Marvin McMarvelous, the robotic jive-bot does the follow:
- listen for the wake word (default: "marvin")
- convert text to speech using whisper
- sent a request to an LLM
- send the LLM response to a text-to-speech bot to read it aloud
- send the LLM response to a text-to-image bot and display the result
The main listen magic was ripped directly from https://huggingface.co/learn/audio-course/chapter7/voice-assistant
The wake words in MIT/ast-finetuned-speech-commands-v2 are:
backward follow five bed zero on learn
two house tree dog stop seven eight
down six forward cat right visual four
wow no nine off three left marvin
yes up sheila happy bird go one
I stuck with "Marvin" but "Sheila" could also be a good pick. If you want to go with "on" or "two" that's your call :-P
./MarvinMcMarvelous.py --llm_json='{"prompt": "<<prompt>>","model": "phi3","stream": false,"system": "You are a wild card lunatic politically incorrect wacko-bot!
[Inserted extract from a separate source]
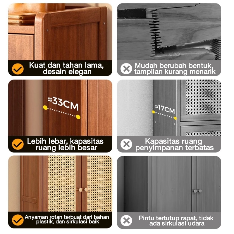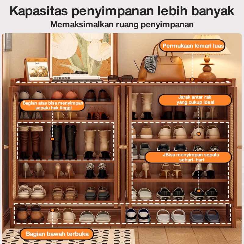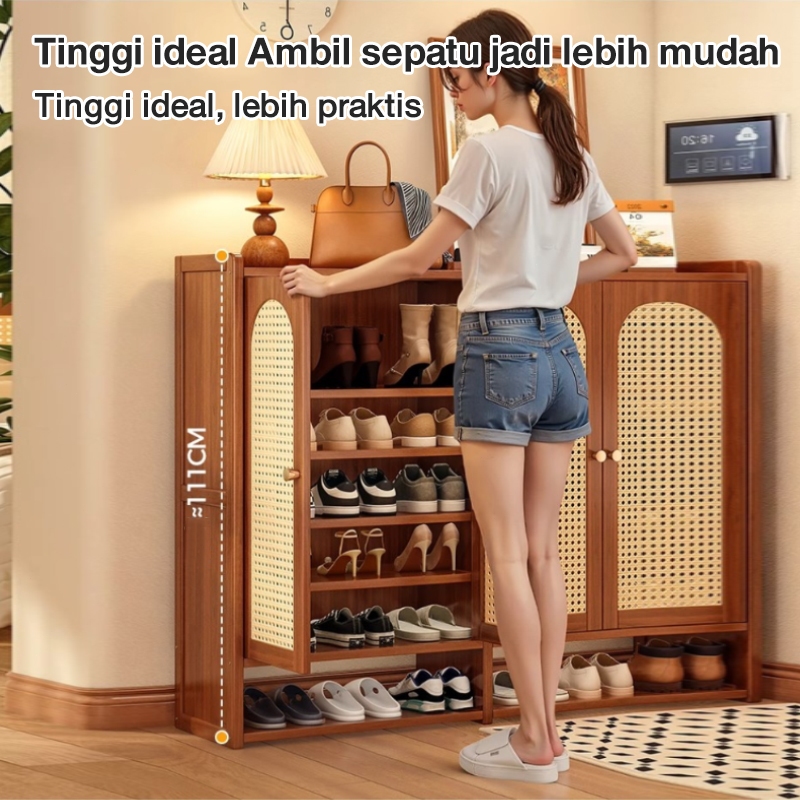 Lemari Sepatu Rotan 4 pintu Lemari Sepatu Kayu Minimalis Lemari Sepatu Tertutup Serbaguna Lemari Sepatu Jaring

Your output is spoken aloud so you try to keep your answers short and sweet and hilarious","options": {"seed": 101,"temperature": 0}}'
./MarvinMcMarvelous.py --quiet --llm_json='{"prompt": "<<prompt>>","model": "phi3","stream": false,"system": "You are concept artist who describes cool cyberpunk images with an emphasize on female net runners with vr headsets. Your output is read aloud so you keep your responses brief, but it is also used by stable diffusion to generate images so it is also evocative. You always include enough information so that the requested scene is generated","options": {"seed": 101,"temperature": 0}}' --chop
Note the --chop
will use the full LLM output for image generation but will only read the first sentence aloud.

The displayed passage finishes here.